This year’s Turner Prize exhibition, which is taking place in Hull’s Ferens Art Gallery, is a quieter affair than the showcase at Tate Britain in 2016. There are no headline-grabbing images to match Anthea Hamilton’s giant buttocks or Michael Dean’s sea of coins from last year. Instead, ideas about rootlessness and belonging, states of limbo and states of grace, pervade the array of paintings, prints, sculptures, films and installations by the four shortlisted artists: Hurvin Anderson, Andrea Büttner, Lubaina Himid and Rosalind Nashashibi.

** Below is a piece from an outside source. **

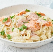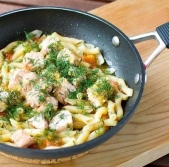 Široki rezanci s čemažem in dimljenim lososom

Lubaina Himid’s exhibition functions as a kind of mini-retrospective for the 63-year-old artist, who along with Hurvin Anderson qualifies for the 2017 prize following a decision to scrap the upper age limit of 50 years. A succession of mostly unnamed black figures – individuals lost to history – populates her work. In one piece they are painted onto a traditional dinner service, to commemorate the abolition of the slave trade; in another, a black woman features in a theatrical arrangement of rough cut-outs that restage a scene from Hogarth’s Marriage à-la-mode (1743) for the Thatcher age. Mirroring this large-scale installation (which dates from 1987) is a more recent painting, Le Rodeur: Exchange (2016), depicting five people in an elegant tableau. The work’s source – a horrific episode in the history of the slave trade, in which an infection caused the passengers of a slave ship to suddenly go blind – is obliquely referenced with a view of the ocean and a tiny eye standing in for a button on a coat. Strangely dreamlike, not least because one of the characters has a bird’s head, the painting is charged with a sense of magical suspension. Himid’s noble figures appear on the one hand trapped by history, and yet poised on the brink of flight.

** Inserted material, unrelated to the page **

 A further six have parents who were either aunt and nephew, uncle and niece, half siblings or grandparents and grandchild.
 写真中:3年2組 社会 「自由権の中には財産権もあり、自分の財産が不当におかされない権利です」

Like Himid, German artist Andrea Büttner reconsiders and elevates forgotten people in her work. In her display, images of beggars from art history are exhibited on a low table, quite literally begging a closer look, while a series of nine woodblock prints, based on Ernst Barlach’s 1919 sculpture of a cloaked mendicant, initially seem childlike in terms of their composition, but prove deeply affecting. Elsewhere, overlooked forms of labour are alluded to via simple statements of colour: a wall covered in yellow Hi-Vis fabric underscores the efforts of emergency service workers; a piece of blue fabric laid across a table turns out to be a fine silk made by nuns. Musings from Simone Weil’s L’Enracinement (The Need for Roots), which was published posthumously in 1949, also feature. They have been loaned from the Peace Library and Antiwar Museum of the Evangelical Church in Berlin as a complete display, pinned to easily transportable frames – the kind you see in schools or libraries. There’s a charming didacticism to Büttner’s showcase overall.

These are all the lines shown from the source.